PowerShell Execution Restrictions: PowerShell should be limited to only be used in situations that prevent unauthorised script execution and minimise the risk of a fileless malware attack.
Regular Security Audits
Continually assess and manage vulnerabilities to prevent malware like Skitnet from entering the network and exploiting them, as well as administer patches as needed.
The Growing Threat of Commodity Malware
In the context of ransomware operations, Skitnet represents the evolution of commodity malware into a strategic weapon. As its presence in cybercrime continues to grow, organisations are required to stay informed, agile, and ready to fight back. To defend against this rapidly evolving threat, it is crucial to develop resilience through threat intelligence, technical controls, and user awareness.
Often times, elite ransomware groups invest in creating custom post-exploitation toolsets, but they take a considerable amount of time, energy, and resources to develop them—factors that can restrict operational agility. Skitnet, on the other hand, is a cost-effective, prepackaged alternative that is not only easy to deploy but also difficult to attribute, as it is actively distributed among a wide range of threat actors.

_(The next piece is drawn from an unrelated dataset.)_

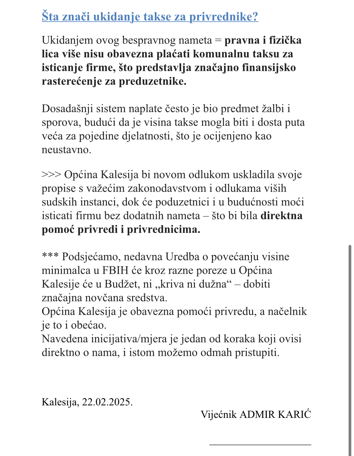 Karić je naveo da bi na ovaj način Općina Kalesija novom odlukom uskladila svoje propise s važećim zakonodavstvom i odlukama viših sudskih instanci, dok će poduzetnici i u budućnosti moći isticati firmu bez dodatnih nameta – što bi bila direktna pomoć privredi i privrednicima.

A broad distribution of incidents further blurs attribution lines, making it more difficult to identify threat actors and respond to incidents. The cybersecurity firm Prodaft has published on GitHub associated Indicators of Compromise (IoCs) related to incident response. As a result of Skitnet's plug-and-play architecture and high-impact capabilities, it is particularly appealing to groups that wish to achieve strategic goals with minimal operational overhead in terms of performance and operational efficiency.

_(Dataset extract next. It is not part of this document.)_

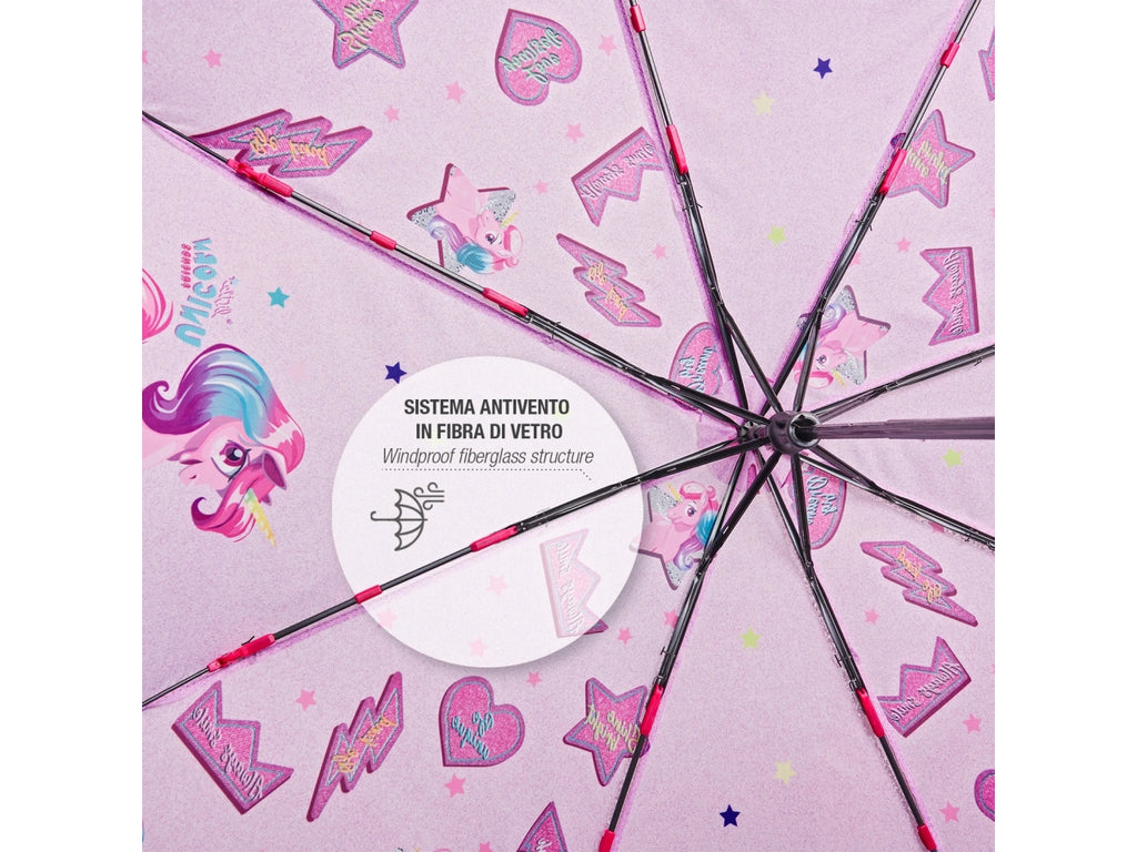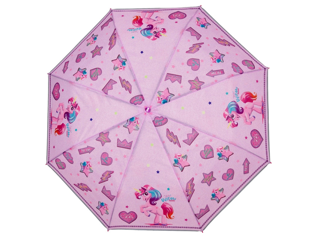 L'ombrellino pieghevole a tema unicorno è un accessorio romantico e dai colori vivaci e femminili. Le bimbe non potranno che innamorarsene! La stampa in primo piano di un unicorno rosa circondato da cuoricini, stelline e coroncine lo rende unico: lâaccessorio perfetto per le amanti degli unicorni. Il bordo catarifrangente riflette la luce e permette di essere visibili anche in condizioni di scarsa visibilità garantendo la massima sicurezza. Le bacchette in fibra di vetro garantiscono un'ottima resistenza al vento. Lâapertura manuale è facilitata grazie al pratico sistema salva-dito e le puntine sono arrotondate e fissate, a prova di bambino.

According to Prodaft in its analysis, Skitnet is particularly attractive for groups that are trying to maximise impact with the lowest overhead. However, in spite of the development of antivirus evasion techniques for custom-made malware, the affordability, modularity, and stealth features of Skitnet continue to drive its adoption in the marketplace.
Despite the fact that it is a high-functioning off-the-shelf tool, its popularity in the ransomware ecosystem illustrates a growing trend that often outweighs bespoke development when attempting to achieve disruptive outcomes. As ransomware tactics continue to evolve at an explosive rate, the advent and widespread adoption of versatile toolkits like Skitnet are a stark reminder of how threat actors have been continually refining their methods in order to outpace traditional security measures.
A holistic and proactive cybersecurity posture is vital for organisations to adopt to protect themselves from cyber threats and evade detection, one that extends far beyond basic perimeter defences and incorporates advanced threat detection, continuous monitoring, and rapid incident response capabilities. To detect subtle indicators of compromise that commodity malware like Skitnet exploits to maintain persistence and evade detection, organisations should prioritise integrating behavioural analytics and threat intelligence.
It is also vital to foster an awareness of cybersecurity risks among employees, particularly when it comes to the risks associated with phishing and social engineering, to close the gap in human intelligence that is often the first attack vector employed by cybercriminals. Organisations must be able to protect themselves from sophisticated post-exploitation tools through multilayered defence strategies combining technology, processes, and people, enabling them to not only detect and mitigate the current threats but also adapt to emerging cyber risks in an ever-changing digital environment with rapidity.